2. VI RISPONDO UNA VOLTA PER TUTTE: FANTOZZI OGGI È SOLO UNO STRONZO
di Paolo Villaggio per Il Fatto


Quasi ogni mattina al mercato rionale semi deserto dove mi avventuro, venditori di "fettine", "fruttaroli" e massaie rurali mi chiedono: "Come sono i Fantozzi di oggi?". Quasi ogni pomeriggio mi telefonano intervistatori di giornalini provinciali: "Scusi se la disturbo, ma le faccio la domanda che forse le fan tutti: che differenza c'è tra i Fantozzi dei suoi tempi e quelli di oggi?".

Rispondo una volta per tutte. Quelli degli anni '60 non erano soddisfatti della loro riuscita nella vita, ma si credevano parte di un miracolo economico e uscendo dalla Finsider o dalla Finmeccanica, pensavano di uscire dal grattacielo di vetro di un "colosso", da una impresa moderna e "galattica" (oggi siamo una pura colonia di compagnie multinazionali).

È anche vero purtroppo che i politici degli anni '70 avevano la vivacità del "furbetto", di colui che mette il banchetto delle tre carte in qualche sottopassaggio di una stazione. Quelli di adesso, invece, sono terribilmente opachi. Dei gentiluomini o delle signore a modo, lontanissimi da quell'aria rallegrante di "bauscia" e da quel coro di persone di bell'aspetto o di "pompinare".

Al confronto questa nuova casta ha vagamente l'odore di una nuova "destra" giustificata da una grande competenza tecnica.
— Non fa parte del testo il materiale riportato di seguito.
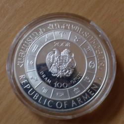 Armenie 100 DRAM 2008 Scorpion Zodiaque coloré PROOF en argent 99.9% 1 oz
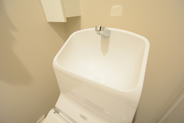 トイレはウォシュレット付き。上にはペーパーのストックを置くのに便利な棚が設置されています。
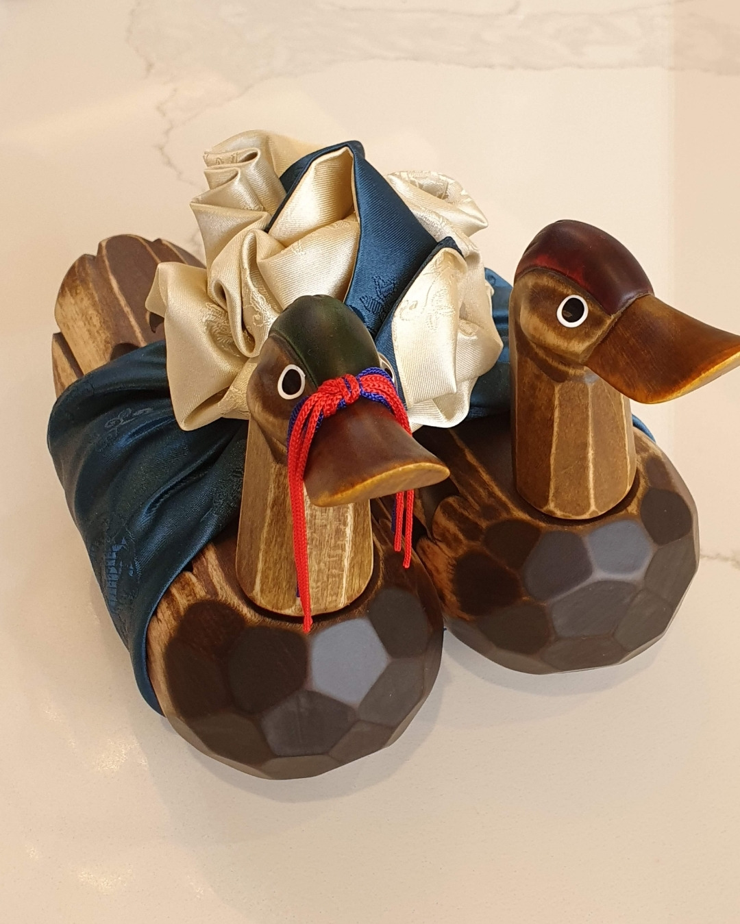 기러기는 신랑이 기러기 한 쌍처럼 잘 살겠다는 의미로 장모에게 드리는 것이다. 눈알이 무섭지 않고 싼 티 나지 않는 나무 기러기를 찾느라 한참 헤매었다.
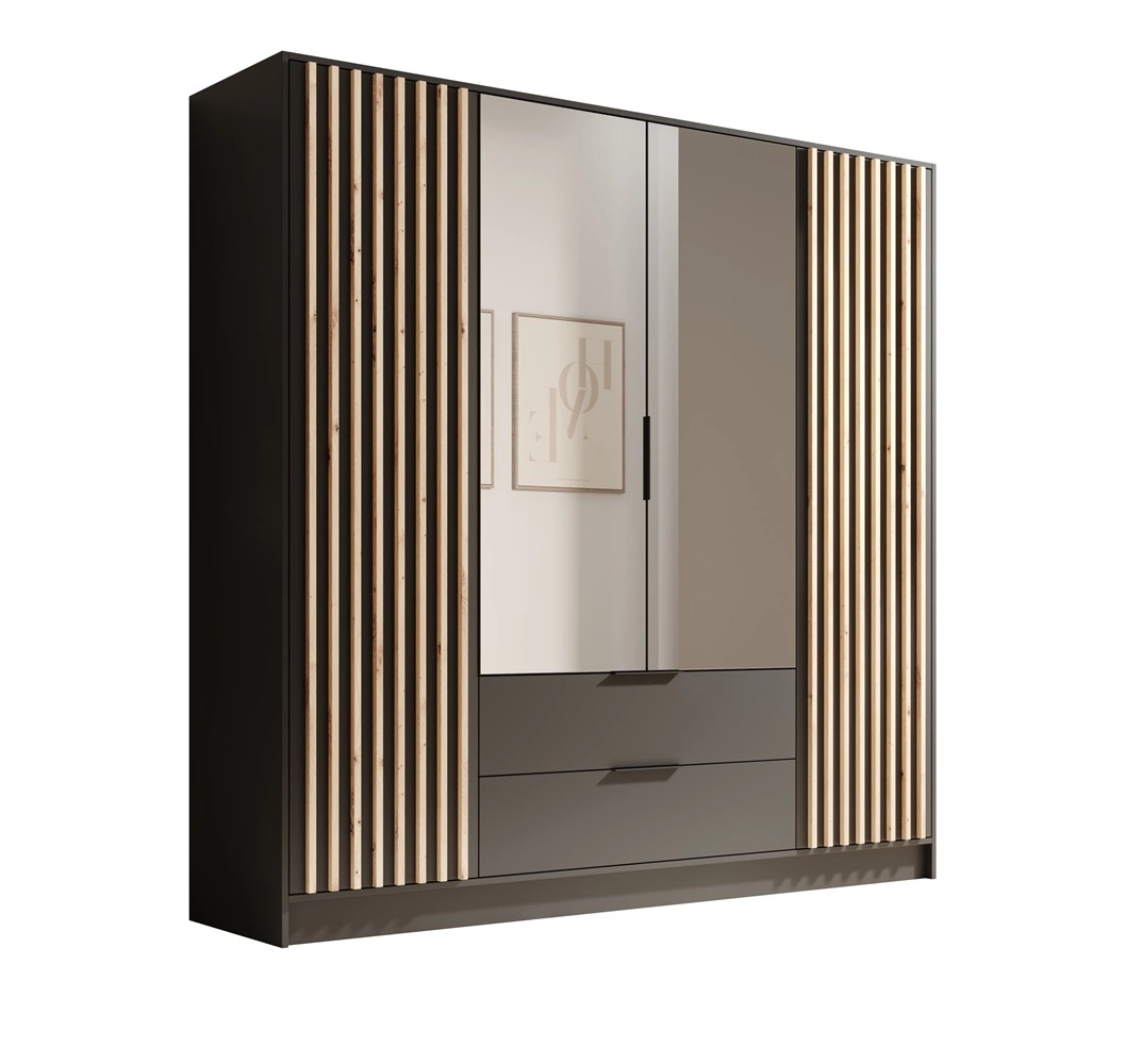 Szafa Neri dzieli się na część z drążkiem na ubrania wiszące i część z półkami. Szafa została wyposażona również w dwie szuflady, dodatkowo powiększając przestrzeń do przechowywania. Szafy do sypialni z kolekcji Neri wykonane są z wysokiej jakości płyty laminowanej o grubości 16mm, która charakteryzuje się odpornością na wpływ czynników zewnętrznych takich jak obicia, uderzenia i niefortunne zadrapania. Stylowym wykończeniem drzwi szafy są czarne uchwyty krawędziowe, które poza swoją podstawową funkcją, nadają niezwykle gustownego wyglądu. Duże lustro rozjaśni i optycznie powiększy przestrzeń.
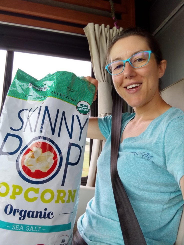 But after we passed up the places to eat in Leander, there was nothing for hours. At least nothing where the motorhome would fit in the parking lot. We snacked a bit on the biggest bag of popcorn I have ever seen…
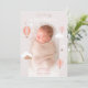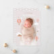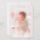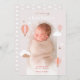 A newborn Baby Girl Birth Announcement with whimsical Hot Air Balloons, Clouds and Stars with fake foil accents creating an arch over the baby photo. Colours are shades of pink.

La Fornero sembra la caricatura di una signorina per bene di una certa vecchia Torino, e quando parla del lavoro subordinato sembra un'Alice caduta a Mirafiori anziché a Wonderland. Monti sembra un professore gentile, che fa la spesa in un supermarket a 200 metri da casa mia. Il problema è che, come aprono bocca, tutti questi signori parlano come i personaggi letterari creati da De Amicis. Sono piccoli patrioti, piccoli scrivani, maestrine dalla penna rossa.

I fantozzi di quegli anni si vestivano nelle maniere più disparate: spigati siberiani, pantaloni ascellari, cappotti che rendevano difficile le entrate e le uscite negli ascensori (molti dovevano quasi denudarsi per raggiungere il posto di lavoro). Avevano tutti degli odori diversi: di conigli, topi grigi e di cani bagnati in una giornata di pioggia. In ascensore, degli aliti come se avessero appena tracannato una tazza di merda.

Quelli di adesso sono lampadati nei solarium dal barbiere sotto casa. Hanno capelli a riccio, alla Balotelli, orecchini ad anello: quattro o cinque per orecchio, piercing sulla lingua, tatuati definitivamente come tutti i calciatori italiani e stranieri. Ovviamente tutti hanno comperato in centri specializzati i jeans stracciati sulle ginocchia, alle volte unghie con i colori dell'arcobaleno, con ascelle sudate devastanti. Sono tutti "presenzialisti" e vanno nel mese d'Agosto a lbiza a vedere i vip, credendo di farne parte. Con quelli di un tempo hanno in comune degli aliti tipo fogna di Calcutta nella stagione monsonica.